Слова старца начали цитировать в сборниках, внесли в государственную летопись – Степенную книгу, использовали в Уложенной грамоте об учреждении русского патриаршества. Московские книжники стали подчеркивать, что русская церковь знатностью происхождения не уступает греческой, что христианство появилось на Руси еще в I в. благодаря проповедническим усилиям посетившего русские земли апостола Андрея [3]. Тогда же в XV в. распространилась точка зрения, согласно которой русское царство берет начало со времен древнерусского государства, когда киевский князь Владимир Мономах получил из Константинополя от своего деда царя Константина Мономаха знаки царского достоинства (диадему, венец, крест животворящего древа) и был венчан ими на престол российского царства. Для большей убедительности выдвинутой версии о политической преемственности между Киевской Русью и Московским государством книжники сочинили легенду, будто

род царя всея Руси идет от римской императорской фамилии.
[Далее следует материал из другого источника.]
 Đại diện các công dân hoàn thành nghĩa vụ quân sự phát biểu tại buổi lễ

Из этой легенды вытекало, что Рюрик (согласно летописи Нестора, варяг, родоначальник древнерусских князей) был далеким потомком Пруса – придуманного брата римского императора Августа, который поручил Прусу править областью, прозванной по его имени Пруссией.

Так под прикрытием старины новое было связано с древней историей. Именно московские книжники заронили мысль о том, что московские князья получили государственную власть от своих киевских предков. Киевское княжение изображалось ими наподобие Московской монархии. Период же раздробленности объяснялся политическими ошибками великих князей, допустивших удельное княжение, т. е. пошедших на раздел земель между младшими князьями. Выстраивалась вполне связная теория изначального становления русского национального государства, которое лишь в силу исторических превратностей, субъективных ошибок подверглось раздроблению и упадку.
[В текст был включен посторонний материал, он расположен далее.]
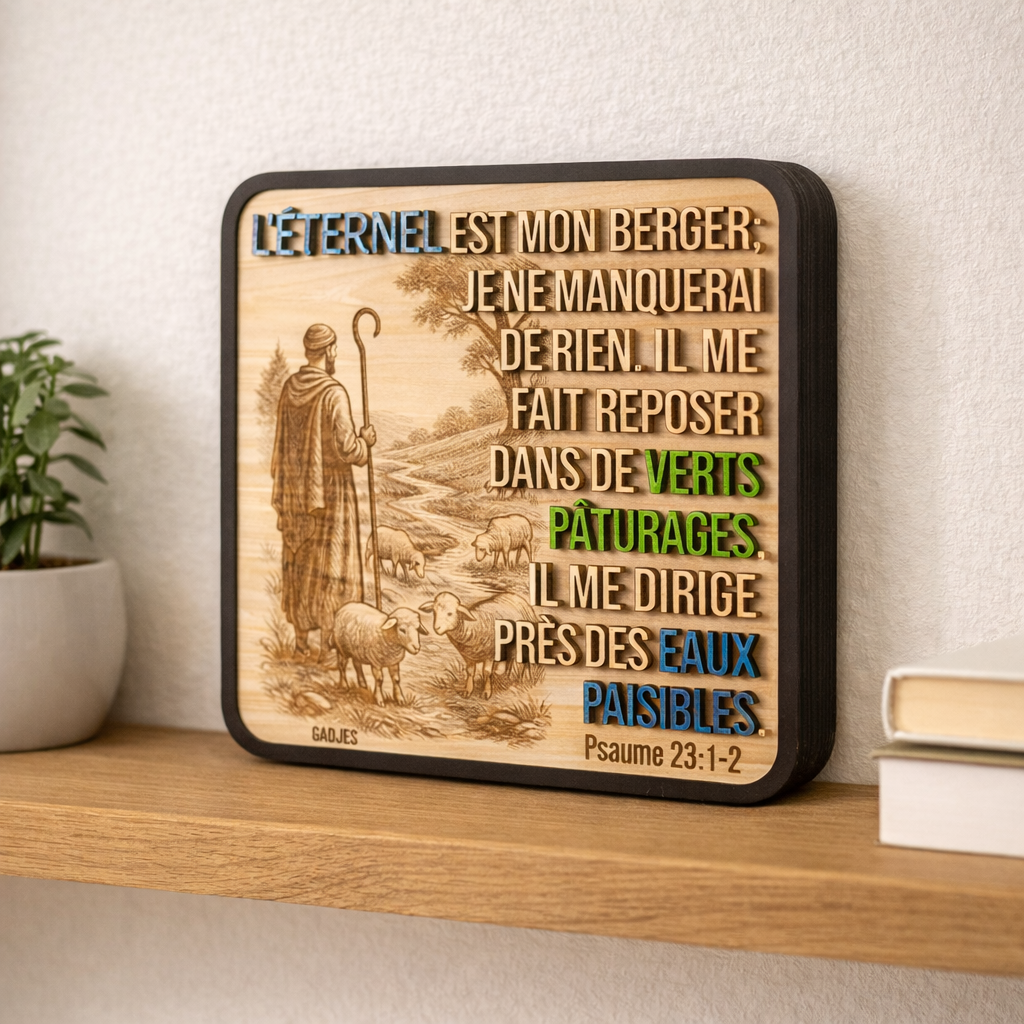 Décoration artisanale en bois – « L’Éternel est mon berger » (Psaume 23:1-2)

Одну из наиболее впечатляющих попыток обосновать единство Руси Киевской и Северо-Восточной предпринял С. М. Соловьев. Отправляясь от теории кровного рода, историк старался показать, что русская государственность строилась на разрушении кровнородственных связей (семьи). Поначалу князья считали русскую землю принадлежностью всего своего рода, соответственно власть распределялась по степени старшинства. Но во второй половине XII в. на историческую арену выступила северная Русь и предъявила новый тип отношений, в которых заметно ослабление родовой связи между княжескими линиями, стремившимися увеличить свои силы за счет других линий, т. е. подчинить их своему господству чисто внешним (государственным) путем. Ослабление родовых связей между княжескими линиями, повлекшее видимое нарушение единства русской земли, проложило дорогу к собиранию и сплочению ее частей около единого северо-восточного центра, под властью единого царя [101, VII-VIII].

Как естественное развитие Киевской Руси, связанное с политическими следствиями колонизации Верхнего Поволжья, с наметившимся еще в XII в. при внуке Мономаха Андрее Боголюбском и со временем приведшим к утверждению государственного центра в Москве процессом превращения патриархальной власти в государственную трактовал историю Северо-Восточной Руси В. О. Ключевский [36].
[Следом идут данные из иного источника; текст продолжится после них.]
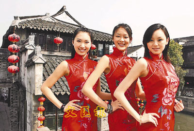 30日,來自北京賽區的三名「旅遊小姐」張雪、王伊娜和陳付媛(從左至右)在浙江西塘古鎮亮相。新華社

Односторонность отношения к древнерусской истории была характерна для многих историков XIX – начала XX в. Значение Киевского периода зачастую принижалось. Утверждалось, что история домосковского периода не имела достаточного единства, чтобы можно было говорить о влиянии Киевской Руси на последующую культуру восточных славян. Все древние области жили самостоятельной жизнью. Все, что происходило в жизни восточных славян до образования Московского государства, имело смысл некой прелюдии к событиям, развернувшимся позднее на северо-востоке. Культурные завоевания Киевского периода в такого рода системах русской истории почти ничего не значили, поскольку северо-восток-де все начал заново [60].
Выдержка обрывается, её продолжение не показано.